** AVAILABLE DATA **
== == ==
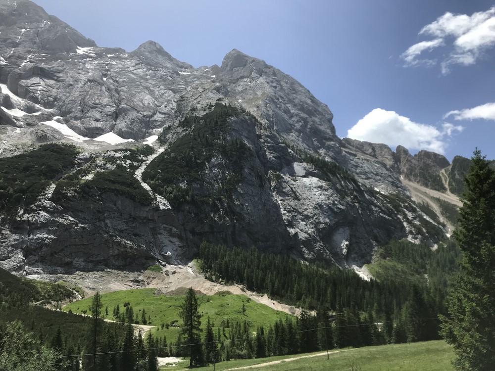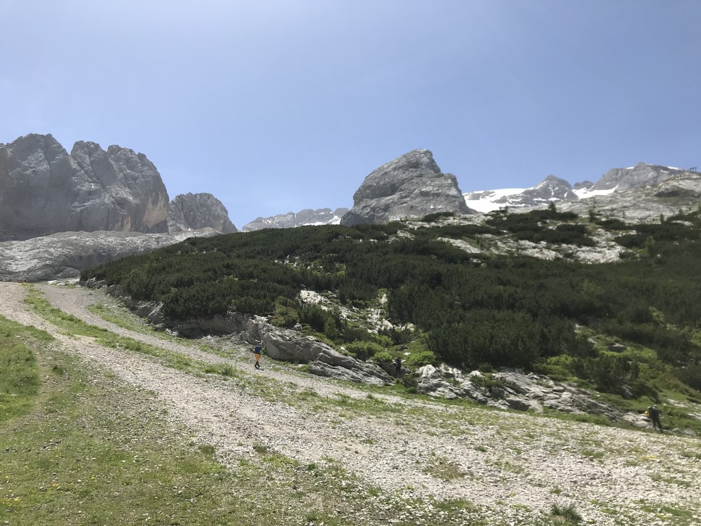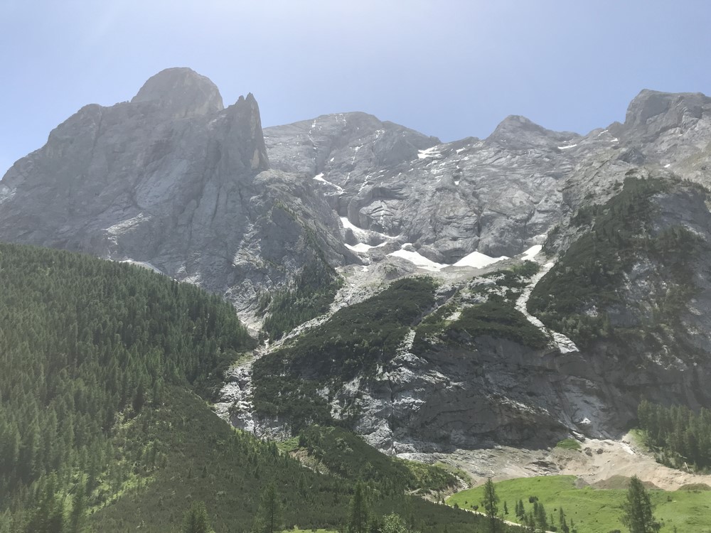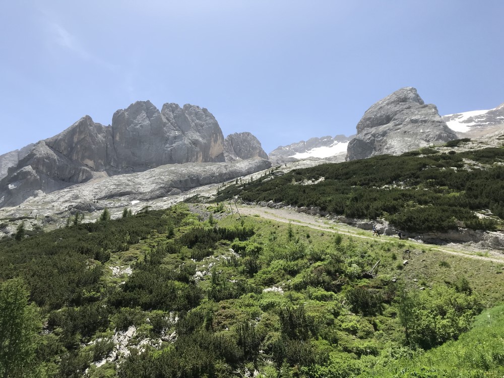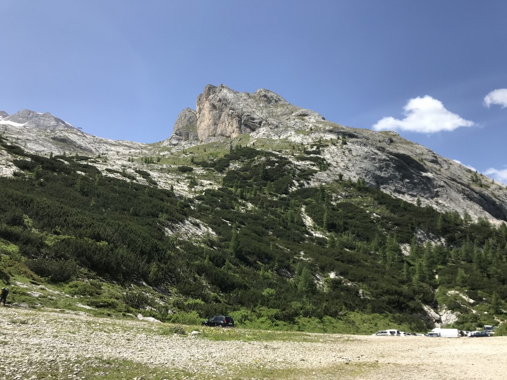 A metà mattina avevo già preso una pausa panino su una bella panchina dell’agordino pertanto la fame non si fa ancora sentire, sono già in discesa dove vedo un piccolo parcheggio sulla sinistra, tre tavoli con panche ancora liberi, occasione giusta e unica, il tempo per parcheggiare il biciclo e sostarmi su una di esse che pure le altre due vengono occupate, sono sotto il sole, a quasi duemila metri di quota si sta bene alzo lo sguardo e sono proprio sotto al massiccio, mi sento un re.
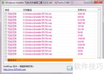 3、 扫描过程仅需1至2分钟即可完成,完成后将显示冗余文件列表,并在列表底部展示所有冗余文件的总大小。用户可通过点击左侧复选框选择需要清理的文件,随后点击删除所选文件逐一清除。若需批量删除全部冗余文件,请参阅第4部分操作说明。
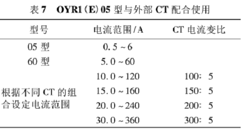 由表7可見(jiàn),采用60型保護(hù)器,其電流為 60 A;但采用05型與外部CT組合后,電流可至360A。當(dāng)然,輸出繼電器的觸點(diǎn)容量也應(yīng)相應(yīng)變大。
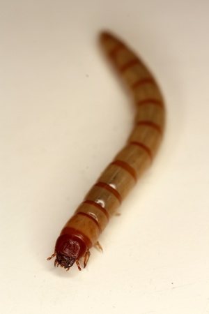Single mealworm isolated on a white background
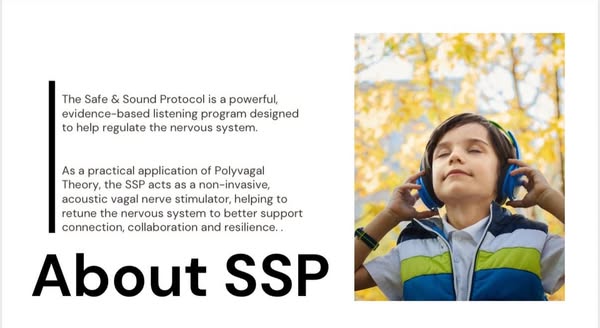 SSP is an evidence-based listening program designed to support regulation of the nervous system — the foundation for feeling safe, connected, and ready to learn.
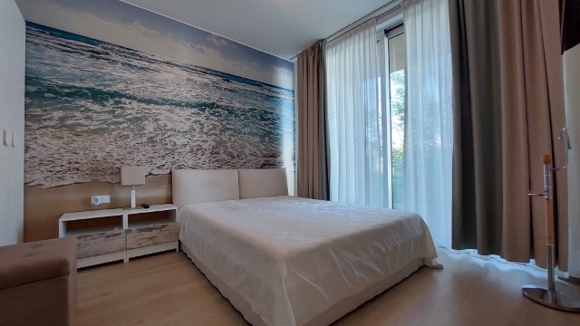 We offer for sale a modern, luxury furnished, two-storey townhouse - villa with a total built-up area of 121,34 sq.m, a built-up area of 56,65 sq.m, with included private yard - garden with an area of 188,33 sq.m. The house has an Act of Permission to use granted. The house has individual accounts for electricity and water. The house is suitable for year round living. Enjoy the pleasure and prestige of living in a luxury property - a house located just meters away from the beach.
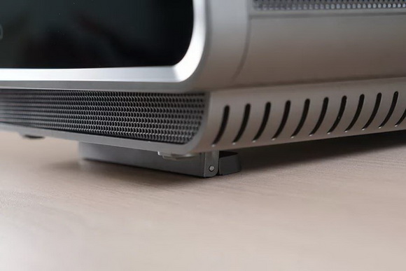 正面被一塊靜謐的黑色蓋板所覆蓋,中間的是投影鏡頭,整個投影系統的核心所在。右側有一顆自動對焦攝像頭和一顆紅外傳感器。左下角依次是優派的logo、4K UHD的標志和LED光源的標志。正面底部被金屬的蜂窩孔覆蓋,中間隱約能看見超聲波智能傳感器。當有物體靠近燈源時,便會自動關閉,避免人的眼睛受到傷害。
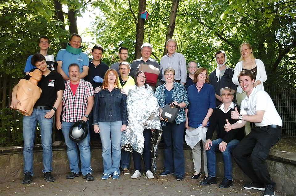 Zum Schluss gab es eine kleine Überraschung für die Teilnehmer: die Rotkreuzler ließen sie ein realistisches Fallbeispiel üben. Dazu hatten sie einen Verkehrsunfall zwischen einem Auto und einem Motorrad mit mehreren Verletzten simuliert.
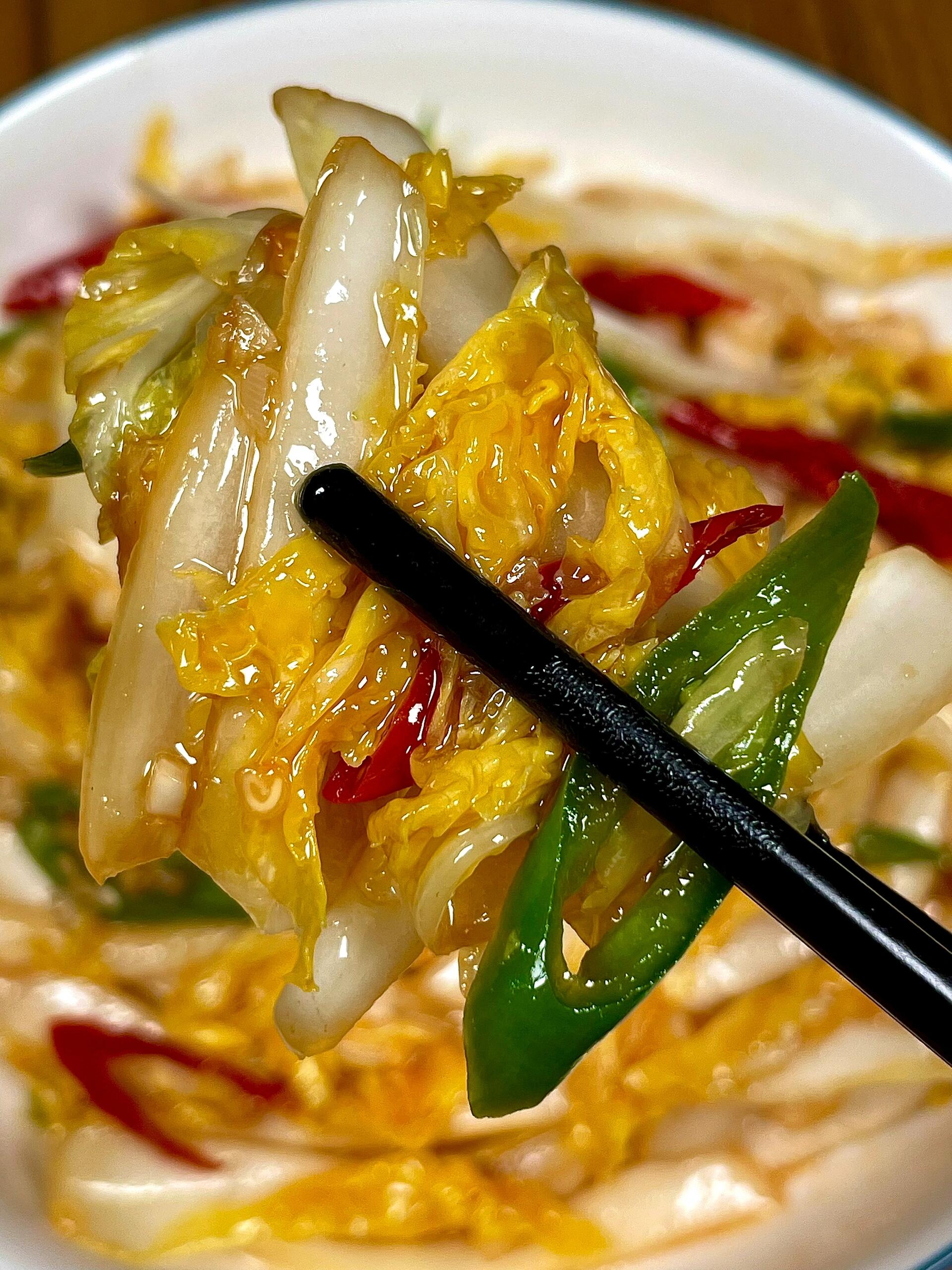 最妙的是配米饭。舀一勺酸辣娃娃菜连汤带菜盖在米饭上,拌匀了吃。米饭的热气把酸辣味烘得更香,每一粒米都裹上了汤汁,扒进嘴里,满足得说不出话。不知不觉,一碗米饭就见了底,还得再去盛第二碗。
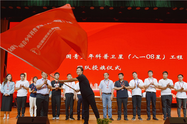 陈赵同志宣读《关于成立“金陵号”暨中国青少年科普卫星(八一08星)工程团队的决定》。周庆礼同志为工程团队授旗。
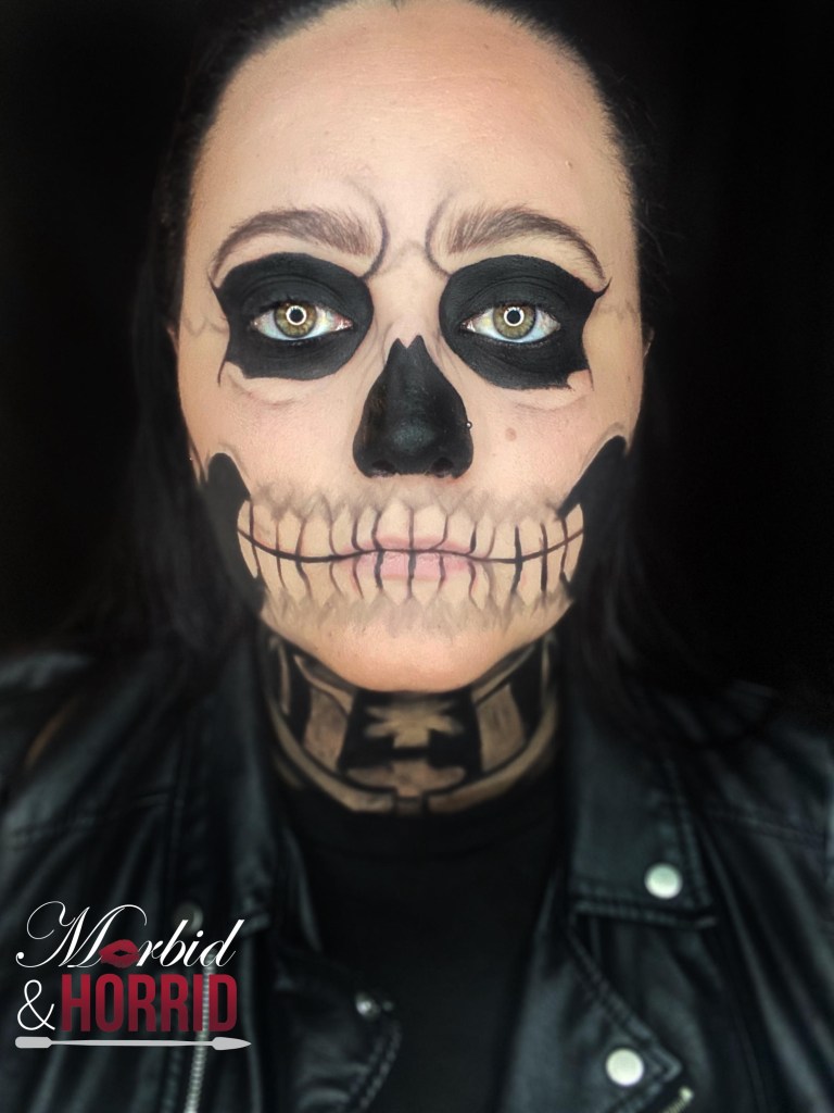 I used a lip liner to outline the eyes, nose and mouth. Then filled it all in with a black paint and set with black eyeshadow.
== == ==
** TASK REQUIREMENTS **
Output the listing exactly. Leave out any image.

** WRITTEN ANSWER **
 A metà mattina avevo già preso una pausa panino su una bella panchina dell’agordino pertanto la fame non si fa ancora sentire, sono già in discesa dove vedo un piccolo parcheggio sulla sinistra, tre tavoli con panche ancora liberi, occasione giusta e unica, il tempo per parcheggiare il biciclo e sostarmi su una di esse che pure le altre due vengono occupate, sono sotto il sole, a quasi duemila metri di quota si sta bene alzo lo sguardo e sono proprio sotto al massiccio, mi sento un re.
 3、 扫描过程仅需1至2分钟即可完成,完成后将显示冗余文件列表,并在列表底部展示所有冗余文件的总大小。用户可通过点击左侧复选框选择需要清理的文件,随后点击删除所选文件逐一清除。若需批量删除全部冗余文件,请参阅第4部分操作说明。
 由表7可見(jiàn),采用60型保護(hù)器,其電流為 60 A;但采用05型與外部CT組合后,電流可至360A。當(dāng)然,輸出繼電器的觸點(diǎn)容量也應(yīng)相應(yīng)變大。
Single mealworm isolated on a white background
 SSP is an evidence-based listening program designed to support regulation of the nervous system — the foundation for feeling safe, connected, and ready to learn.
 We offer for sale a modern, luxury furnished, two-storey townhouse - villa with a total built-up area of 121,34 sq.m, a built-up area of 56,65 sq.m, with included private yard - garden with an area of 188,33 sq.m. The house has an Act of Permission to use granted. The house has individual accounts for electricity and water. The house is suitable for year round living. Enjoy the pleasure and prestige of living in a luxury property - a house located just meters away from the beach.
 正面被一塊靜謐的黑色蓋板所覆蓋,中間的是投影鏡頭,整個投影系統的核心所在。右側有一顆自動對焦攝像頭和一顆紅外傳感器。左下角依次是優派的logo、4K UHD的標志和LED光源的標志。正面底部被金屬的蜂窩孔覆蓋,中間隱約能看見超聲波智能傳感器。當有物體靠近燈源時,便會自動關閉,避免人的眼睛受到傷害。
 Zum Schluss gab es eine kleine Überraschung für die Teilnehmer: die Rotkreuzler ließen sie ein realistisches Fallbeispiel üben. Dazu hatten sie einen Verkehrsunfall zwischen einem Auto und einem Motorrad mit mehreren Verletzten simuliert.
 最妙的是配米饭。舀一勺酸辣娃娃菜连汤带菜盖在米饭上,拌匀了吃。米饭的热气把酸辣味烘得更香,每一粒米都裹上了汤汁,扒进嘴里,满足得说不出话。不知不觉,一碗米饭就见了底,还得再去盛第二碗。
 陈赵同志宣读《关于成立“金陵号”暨中国青少年科普卫星(八一08星)工程团队的决定》。周庆礼同志为工程团队授旗。
 I used a lip liner to outline the eyes, nose and mouth. Then filled it all in with a black paint and set with black eyeshadow.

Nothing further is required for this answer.